P. Carlos Cardó SJ
En el año décimo quinto del reinado del César Tiberio, siendo Poncio Pilato procurador de Judea; Herodes, tetrarca de Galilea; su hermano Filipo, tetrarca de las regiones de Iturea y Traconítide; y Lisanias, tetrarca de Abilene; bajo el pontificado de los sumos sacerdotes Anás y Caifás, vino la palabra de Dios en el desierto sobre Juan, hijo de Zacarías.
Entonces comenzó a recorrer toda la comarca del Jordán, predicando un bautismo de penitencia para el perdón de los pecados, como está escrito en el libro de las predicciones del profeta Isaías:
“Ha resonado una voz en el desierto: Preparen el camino del Señor, hagan rectos sus senderos. Todo valle será rellenado, toda montaña y colina, rebajada; lo tortuoso se hará derecho, los caminos ásperos serán allanados y todos los hombres verán la salvación de Dios”.
El
evangelio de hoy nos presenta otra de las figuras del Adviento: Juan Bautista,
el precursor de Jesús. Es la persona bien dispuesta a acoger al Señor que viene;
por eso es una síntesis viviente del Antiguo Testamento y manifiesta lo más
característico del Israel fiel: la expectativa por el futuro de Dios que trae
la liberación para quienes se vuelven a Él con un corazón bien dispuesto.
Dice
Lucas que la palabra de Dios vino sobre
Juan, el hijo de Zacarías en el desierto. Por lo que se sabe de él, Juan no
siguió el camino del sacerdote Zacarías, su padre, sino que, movido por Dios,
escogió el desierto para preparar el camino del Señor. El desierto tiene en la
Biblia un gran significado.
Israel
se formó en el éxodo por el desierto. Allí tuvo sus mayores experiencias de la
cercanía providente de Dios y aprendió a superar dificultades, a sostener sus expectativas
con esperanza, a compartir solidariamente el escaso alimento, a andar con la
mirada puesta en el futuro de Dios. A partir de entonces, ir al desierto significa
recordar que no tenemos aquí morada permanente, que siempre estamos en éxodo:
forzados a salir constantemente de cuanto nos esclaviza, para dirigirnos a la
libertad que la ley del Señor nos asegura.
Por
eso, la liturgia cristiana del adviento hará del símbolo del desierto la
expresión del deseo de abandonar lo que es vano o engañoso para hallar lo que
es esencial en la vida, la verdad del propio ser y la verdad de Dios.
Lucas
hace ver que la predicación de Juan Bautista en el desierto estaba inspirada en
las enseñanzas de Isaías, el gran profeta del siglo VI a. C., que transmitió
esperanza a su pueblo en una de sus peores épocas, la del destierro en
Babilonia. Para este profeta, como para Juan, la salvación está llegando y
alcanza al mundo entero, pero hay que prepararse para recibirla como quien
construye un camino en el desierto, lo cual exige nivelar senderos, rellenar
barrancos, rebajar montañas o colinas, enderezar y rectificar lo que está
torcido o desnivelado.
Hoy
siguen resonando esos verbos moviéndonos a reconocer que puede haber otros
caminos, otros modos de vivir que el Señor quiere que vivamos. Y eso significa nivelar,
rellenar, rebajar, enderezar y rectificar lo que sea necesario para que nuestro
deseo de preparar la venida del Señor vaya acompañada de frutos reales de
conversión.
No
es fácil saber a qué debemos convertirnos o en qué debemos cambiar. Podemos estar
tan a gusto donde estamos, que no percibimos que puede haber otros caminos,
otros modos de vivir más conformes a la voluntad del Señor sobre nosotros.

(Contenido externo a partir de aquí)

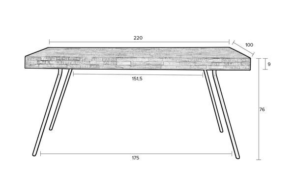 Un bel look vintage, questo è ciò che il tavolo Suri vi offre grazie al suo spesso piano in teak riciclato che contrasta con la sua sottile struttura in acciaio nero in stile industriale. Senza dubbio darà un forte cachet al vostro interno. Il piano è composto da diverse vecchie tavole di teak, tutte diverse tra loro, che conferiscono a ciascuna di esse un carattere unico. Non ci sono due tavoli Suri identici!
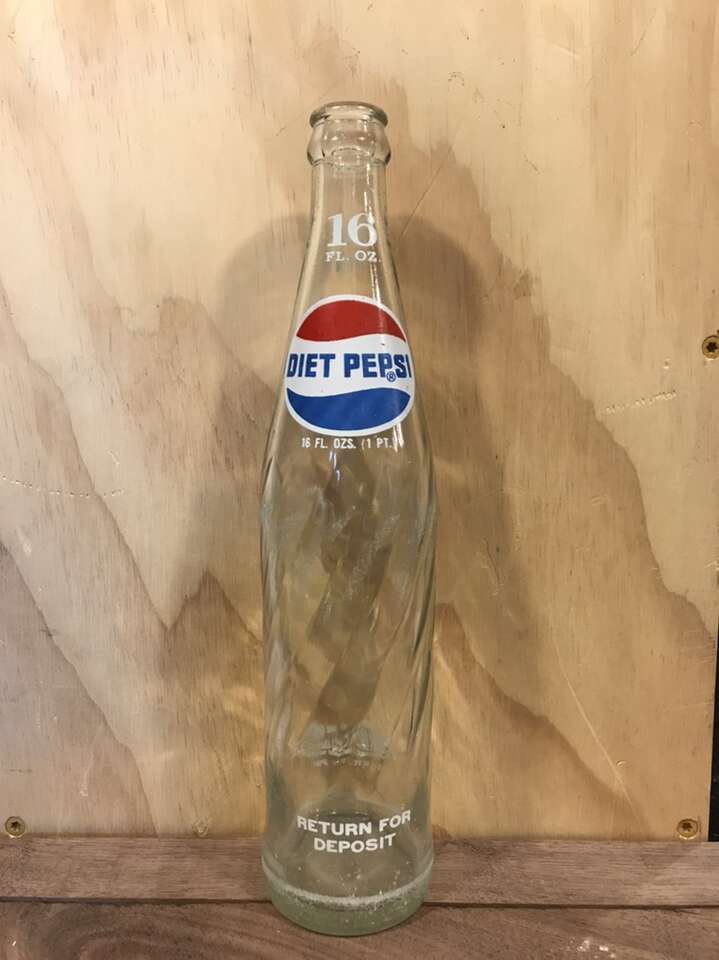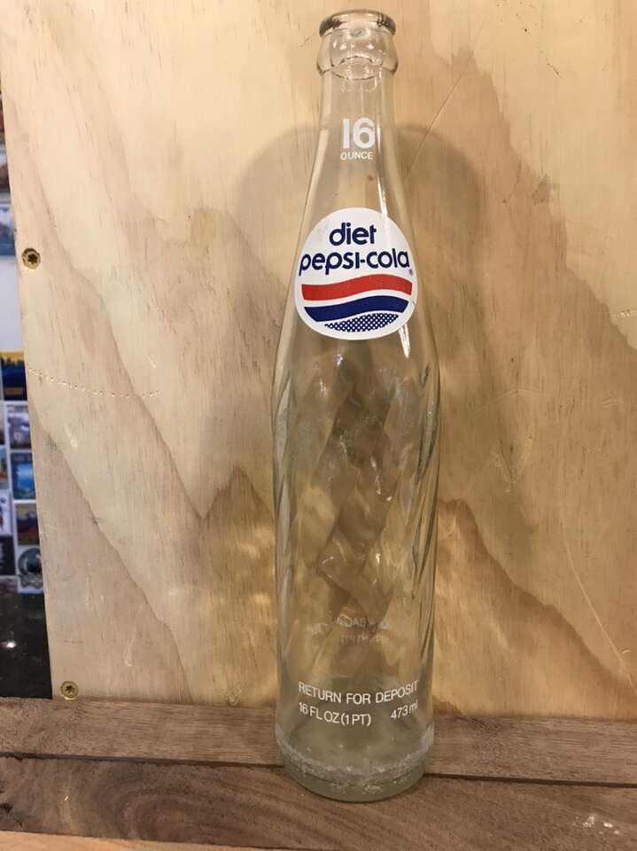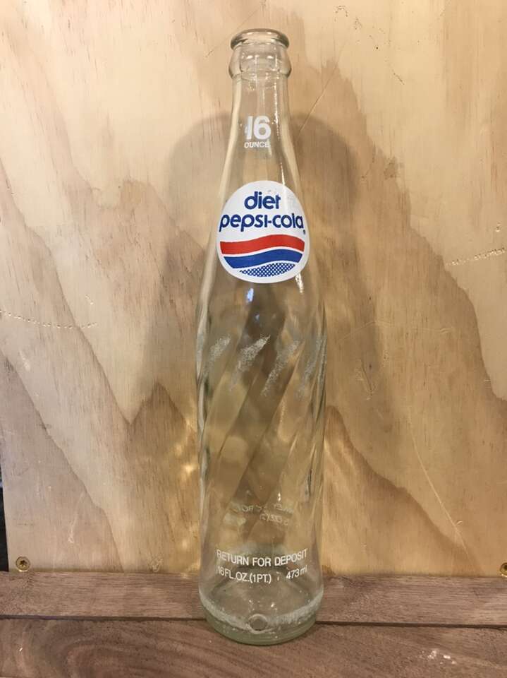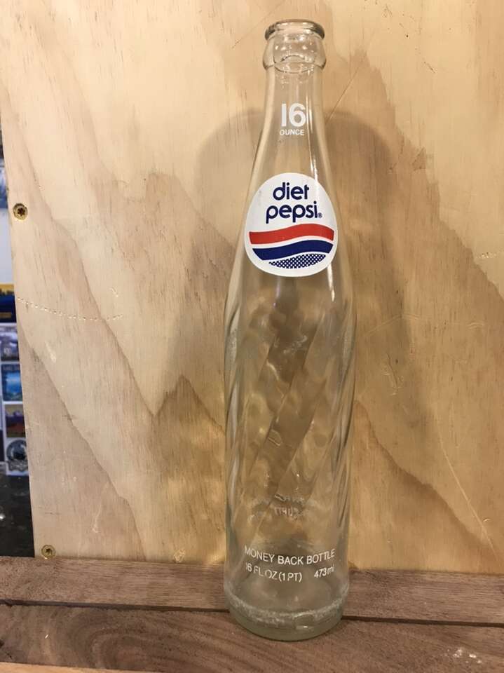 Diet Pepsi-Cola Soda Bottle $6 Vintage 1970’s /1980’s (1983?) Applied Color Label Money Back Bottle Good condition 16 oz Approximately 11 inches tall, 2 1/2 inch base diameter
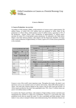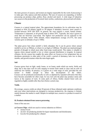 Cassava is a staple crop for over 600 million people and is primarily grown in Africa, Asia, and Latin America. In 2006, global cassava production was approximately 226 million tonnes, with over half (122 million tonnes) produced in Africa, primarily in West and East Africa. Nigeria is the world's largest cassava producer. Cassava thrives in tropical climates between 30 degrees north and south latitude and grows well in a variety of soils as long as they are well-draining. Cassava can be processed into chips, starch, flour and ethanol and is used in industries like animal feed, food and beverages, paper, and biofuels.
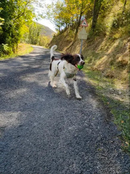 It emits low sounds while moving. Most dogs find this stimulating, but noise-sensitive pups might need monitoring initially.
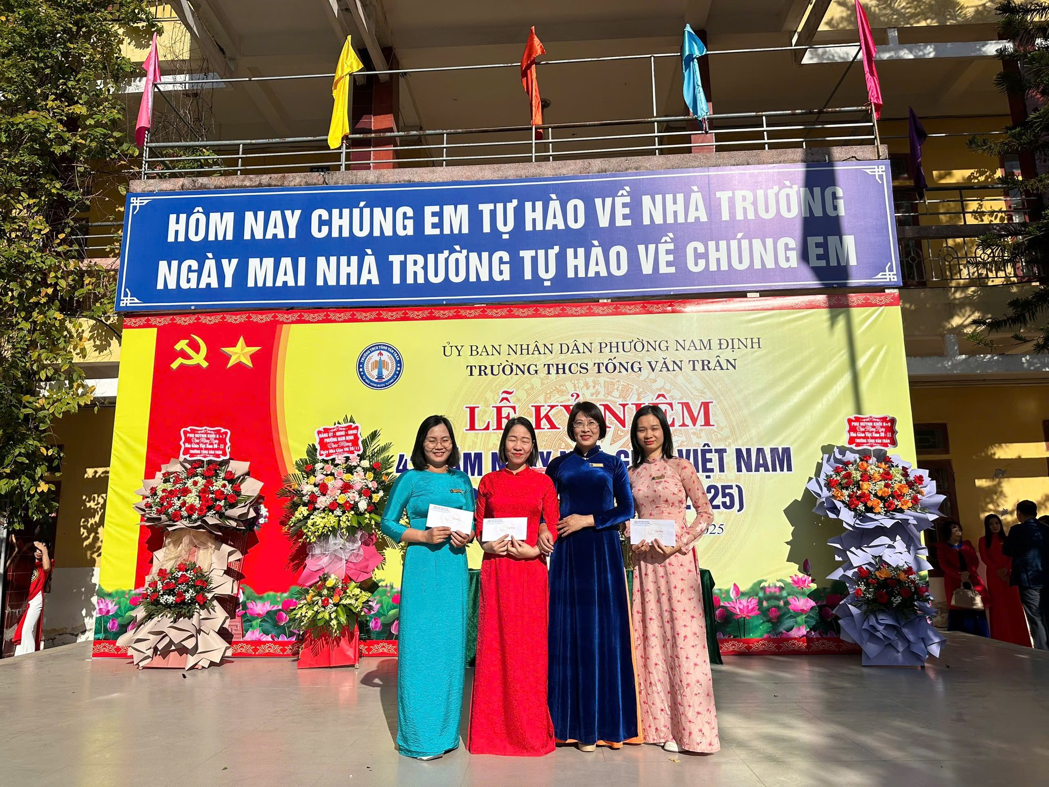 Chiều 19/11/2025 nhà trường vinh dự được đón đồng chí Phạm Hồng Thái – Phó Bí thư Đảng uỷ – Chủ tịch UBND phường Nam Định, đồng chí Trần Huy Tài – Chánh văn phòng HĐND – UBND, đồng chí Nguyễn Thế Lâm – Trưởng phòng VHXH về tặng hoa động viên, chúc mừng nhà trường.

Tenemos miedo a salir de donde estamos y preguntarle al Señor: ¿Qué quieres que
haga?
Él
me dirá que convertirme puede significar ser más auténtico y consecuente con
los valores que profeso. Puede significar cambiar de mentalidad, para dejar actitudes
vanas y mundanas y asumir otras nuevas de caridad y justicia. Puede significar,
en fin, cambiar mis sentimientos egocéntricos por sentimientos altruistas, y
cultivar una mayor sensibilidad por el otro, en especial por el pobre y el que
está en necesidad.
Juan
anunció la venida salvadora del Mesías de Dios. Lo que aconteció en el país de
los judíos, ahora alcanza a la vida de cada uno de nosotros. Nuestra actitud no
puede ser otra que la conversión. El Señor viene con la salvación. La
eucaristía es la prueba más inequívoca de ello. Miremos, como nos pide el
evangelio, qué debemos elevar o abajar, enderezar o rectificar para vivir con
mayor coherencia nuestra fe cristiana.